> **The problem**
Drop the images, then output the listing exactly.

> **Data**
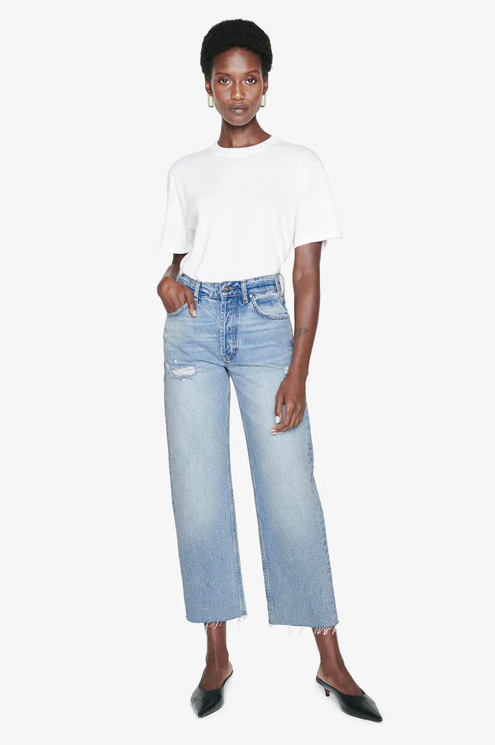 Gavin Jean er en moderne boyfriend-inspireret model lavet af 100% bomuldsdenim i en stiv kvalitet, med en falmet lys blå vask og autentisk vintage-karakter, herunder slidte baglommer, marmorerede detaljer og variationer i farven. Denne let cropped, lige pasform er afsluttet med en råkant forneden.
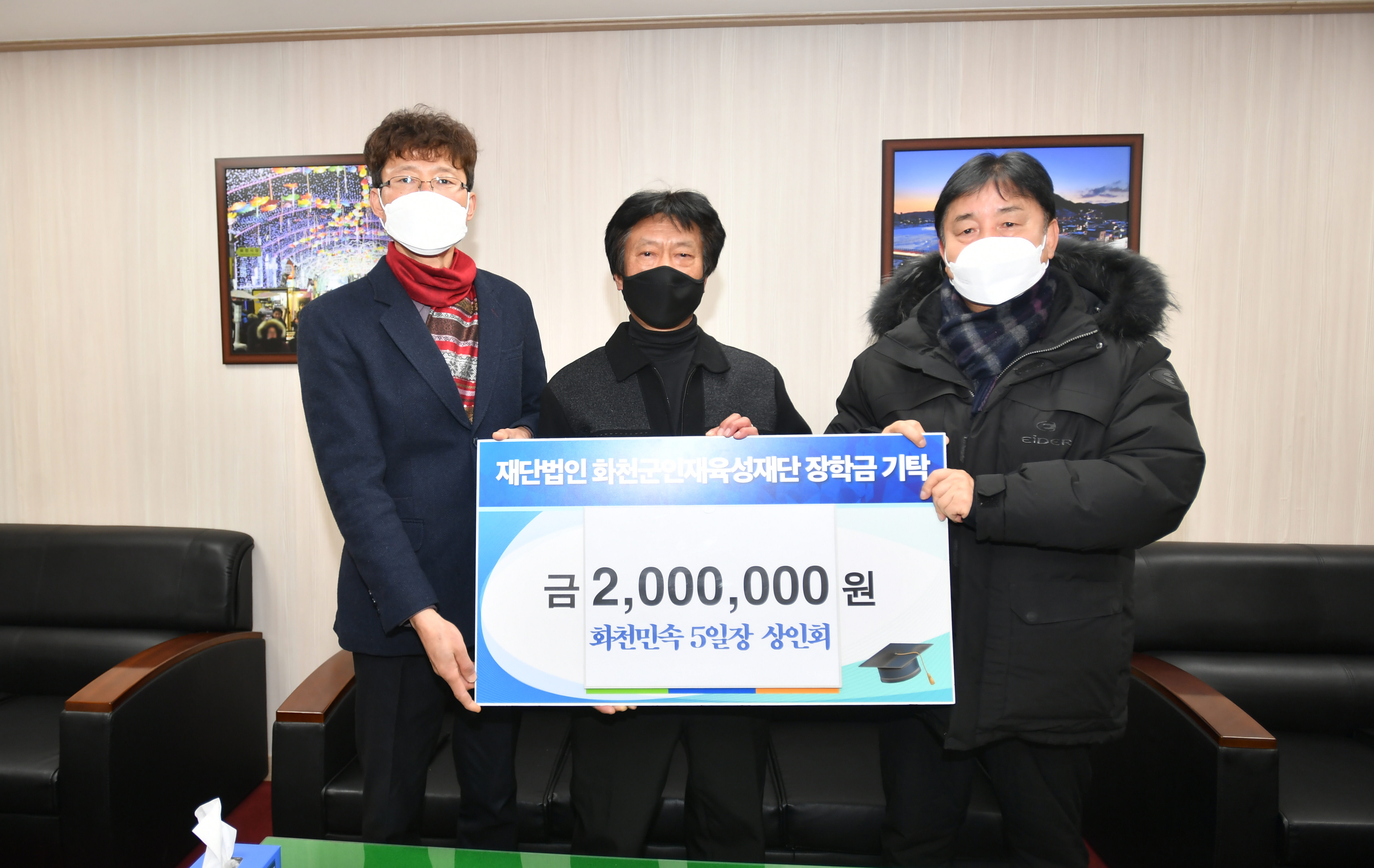 [강원사회복지신문 김도연 기자]=화천민속5일장 상인회는 지난 1월 12일 산천어축제장을 방문해 최문순 (재)화천군 인재육성재단 이사장에게 장학금 200만원을 기탁했다.
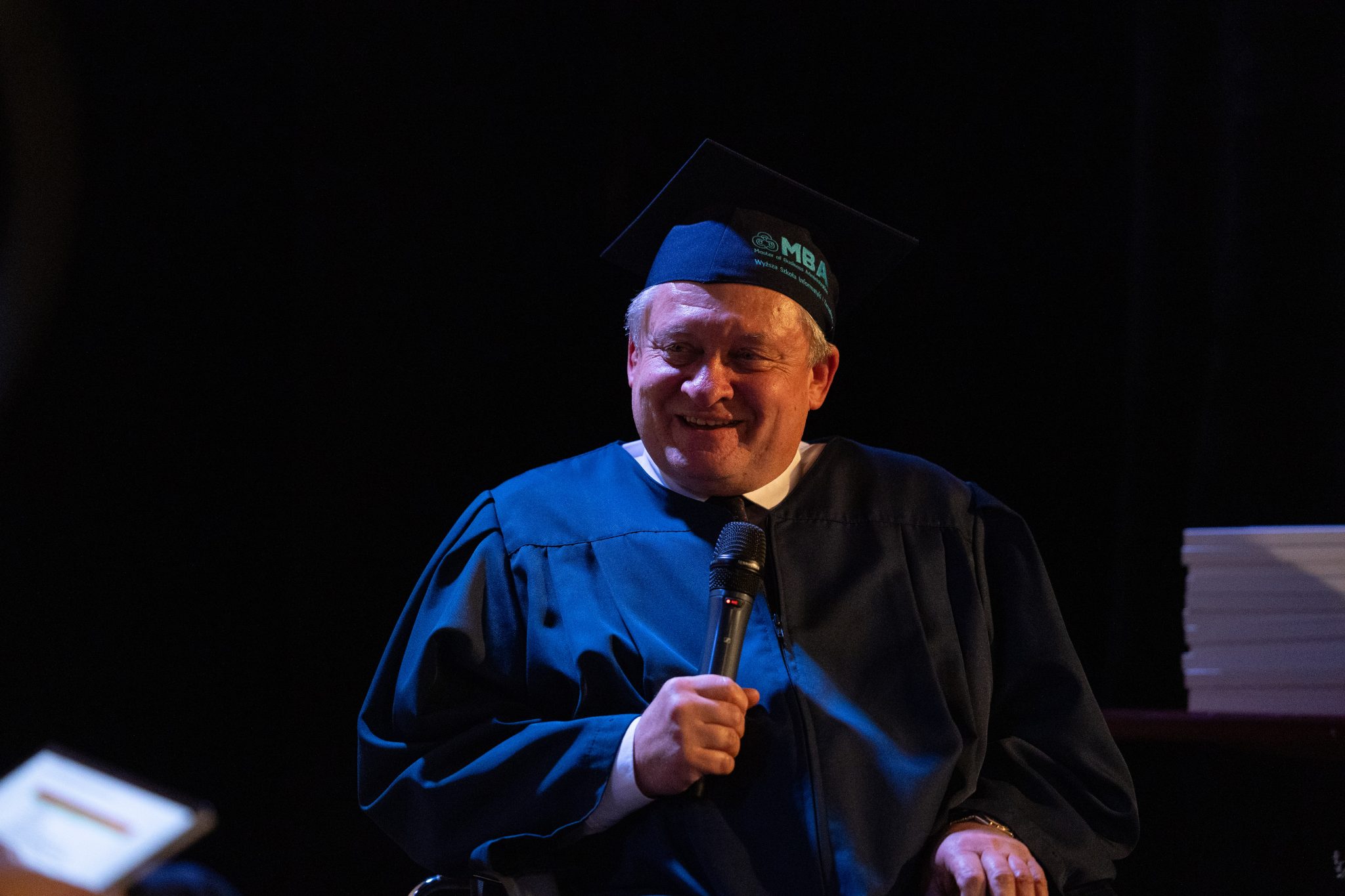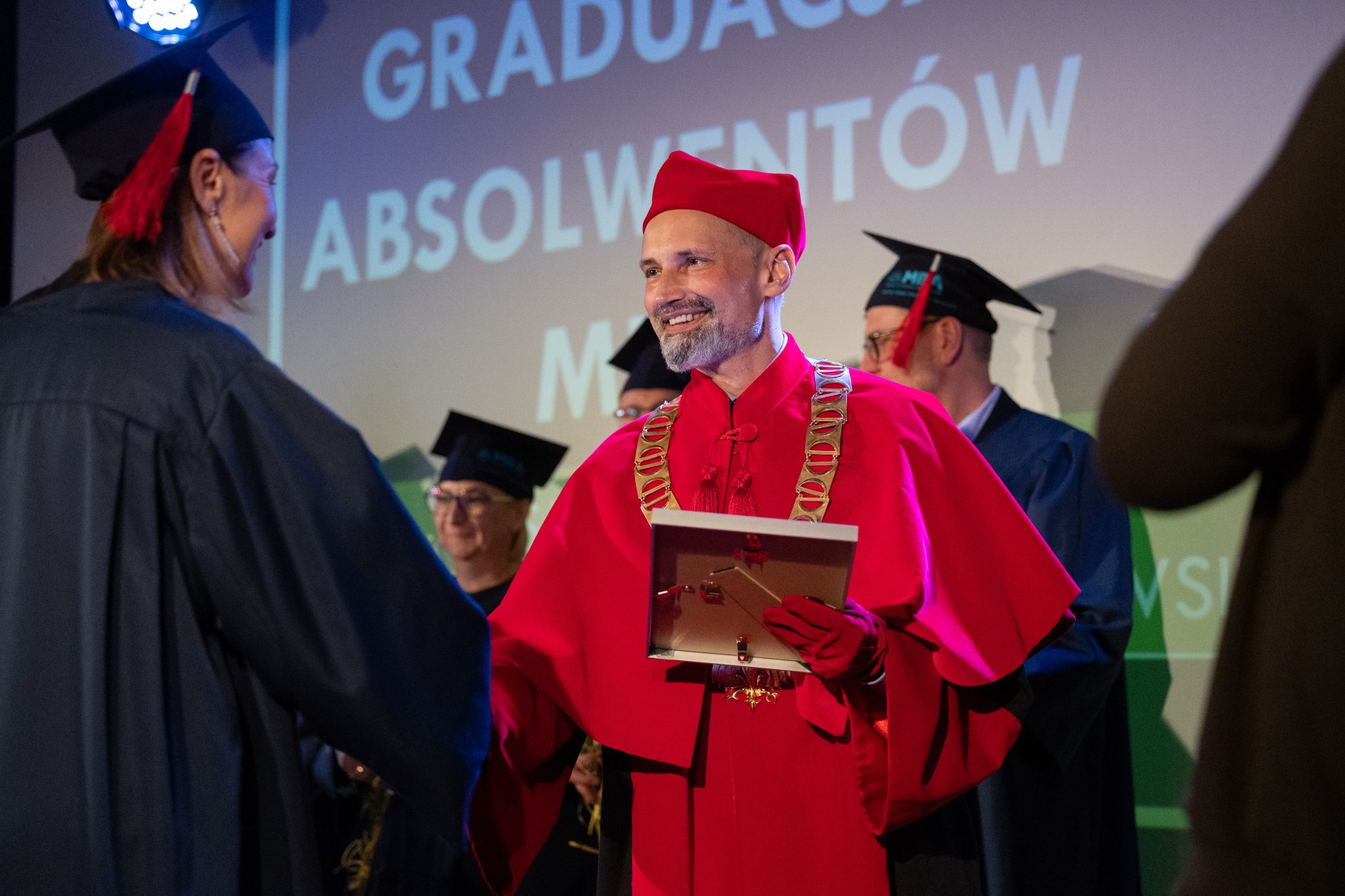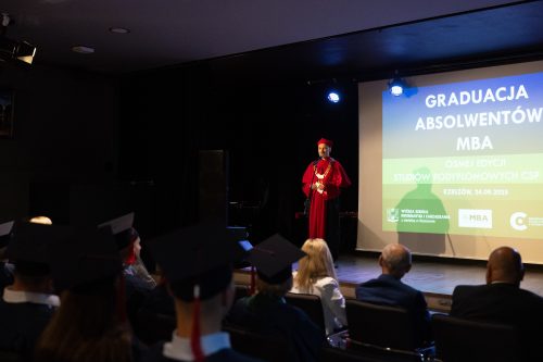 Uroczyste wręczenie dyplomów 8. edycji MBA dla słuchaczy Centrum Studiów Podyplomowych WSIiZ odbyło się 24 września. Absolwentów w togach i biretach oraz ich bliskich przywitał rektor dr hab. Andrzej Rozmus, prof. WSIiZ.

> **Exercise answer**
 Gavin Jean er en moderne boyfriend-inspireret model lavet af 100% bomuldsdenim i en stiv kvalitet, med en falmet lys blå vask og autentisk vintage-karakter, herunder slidte baglommer, marmorerede detaljer og variationer i farven. Denne let cropped, lige pasform er afsluttet med en råkant forneden.
 [강원사회복지신문 김도연 기자]=화천민속5일장 상인회는 지난 1월 12일 산천어축제장을 방문해 최문순 (재)화천군 인재육성재단 이사장에게 장학금 200만원을 기탁했다.
 Uroczyste wręczenie dyplomów 8. edycji MBA dla słuchaczy Centrum Studiów Podyplomowych WSIiZ odbyło się 24 września. Absolwentów w togach i biretach oraz ich bliskich przywitał rektor dr hab. Andrzej Rozmus, prof. WSIiZ.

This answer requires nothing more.